Wie seriös arbeitet Ihr Headhunter?
Anruf vom Headhunter: Wann lohnt es sich, zuzuhören?Quelle: Andrea Caprez

Wenn ein Headhunter anruft, fühlen sich die meisten Manager geehrt. Nicht immer lohnt es sich, zuzuhören.

Von Stefan Mair
am 26.01.2018

Für viele Manager gehören sie zum Alltag: Anrufe von Headhuntern, die herausfinden wollen, ob ein Lebenslauf zu einem Job passt. Im Gespräch mit mit den Jobvermittlern, sollten folgende Fragen aber immer gestellt werden:

1 «Besteht ein exklusiver Suchauftrag

Die erfolgreichsten Headhunter erhalten von Firmen exklusive Suchaufträge für eine Position.

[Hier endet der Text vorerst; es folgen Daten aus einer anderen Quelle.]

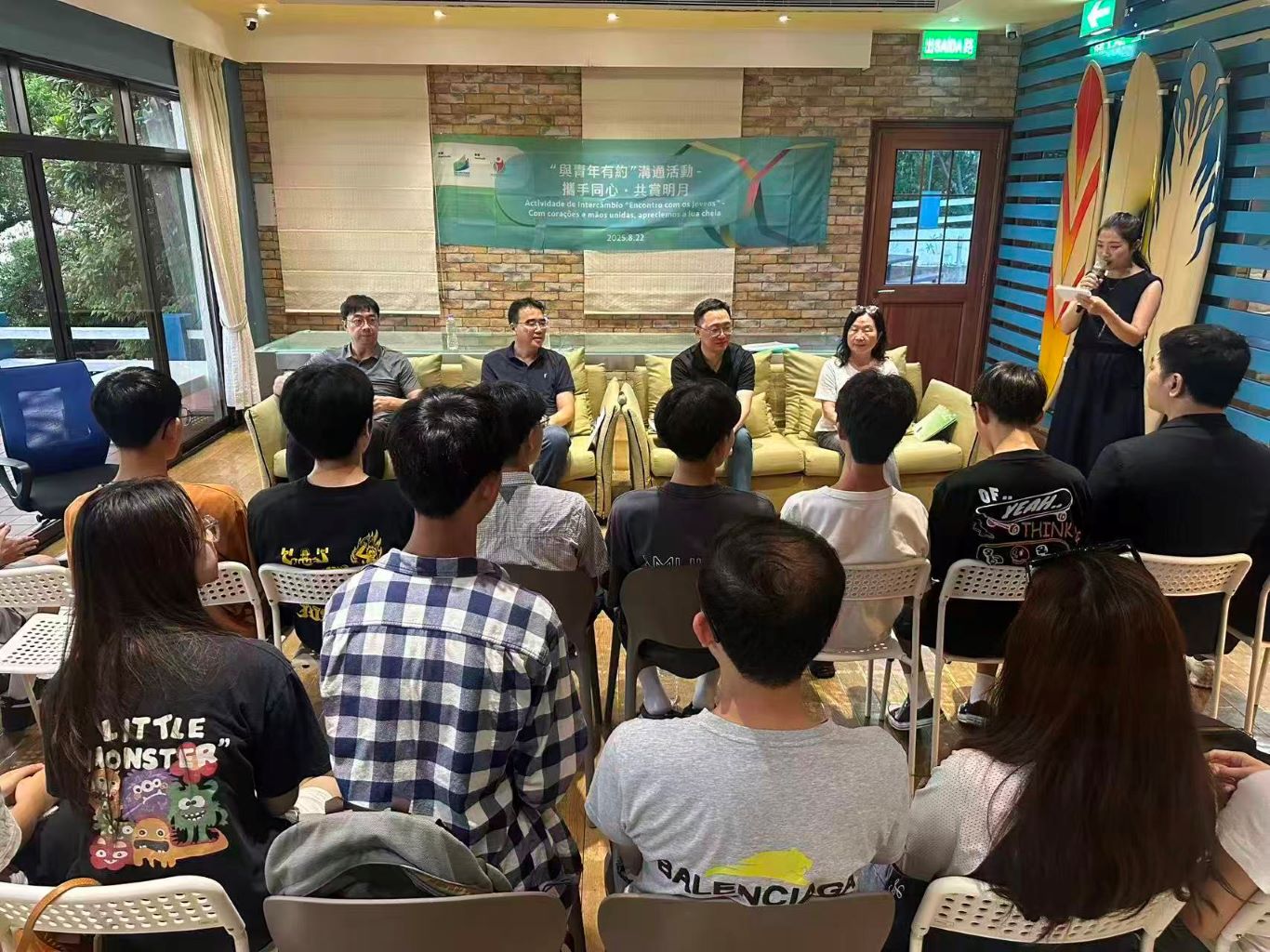 【本報訊】教育及青年發展局於8月22日在竹灣青年旅舍舉辦“與青年有約”—攜手同心.共賞明月活動,讓在澳門以外地區就讀的澳門青年學生了解澳門現時的社會發展,加強與青年學生的交流,聆聽和關顧他們對自身發展及青年事務的看法。
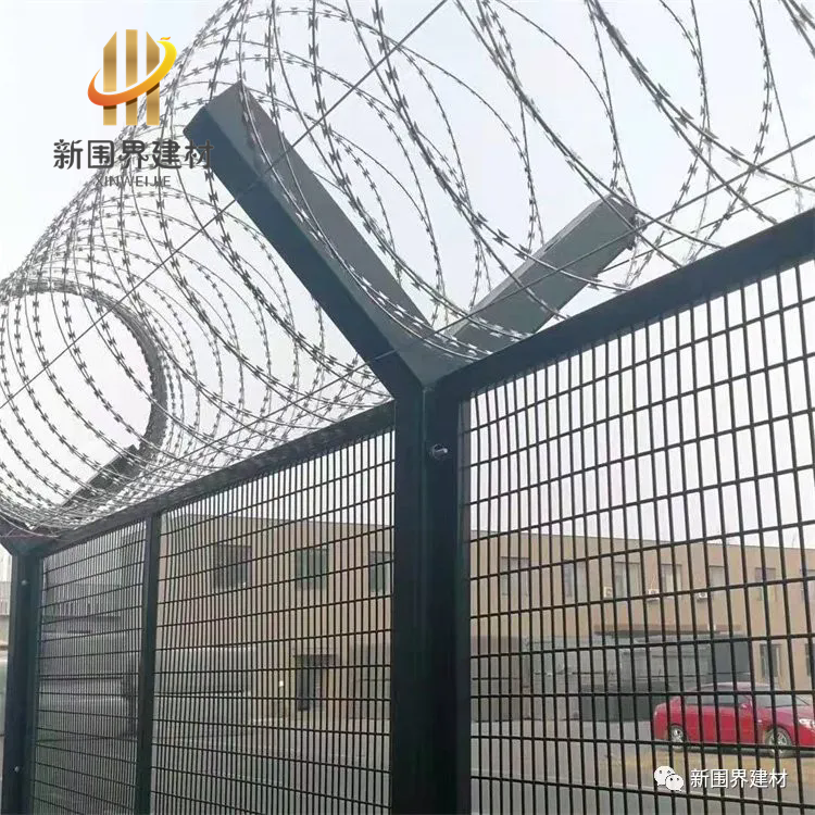 是由V型支架立柱,加强型焊接片网,安全防盗连接件和热镀锌刀片刺笼组成强度和安全防御性级别很高。近年来,被广泛应用在监狱、机场、边境线、基地等高安全场所。监狱隔离网安装方便,可直接在平地安装也可在围墙上二次安装,有效防止攀逃。

Es spricht auch nicht unbedingt für die Firma, wenn mehrere verschiedene Headhunter ­beauftragt wurden, um Kandidaten für eine Position anzusprechen. Im schlimmsten Fall bekommen Sie nach dem Headhunter-Anruf gleich noch ­einen Call und müssen erklären, dass Sie schon mal angefragt wurden. Je exklusiver der Suchauftrag, desto ernster meint es das Unternehmen mit der ­Besetzung und desto wichtiger ist die Stelle in der Unternehmenspolitik.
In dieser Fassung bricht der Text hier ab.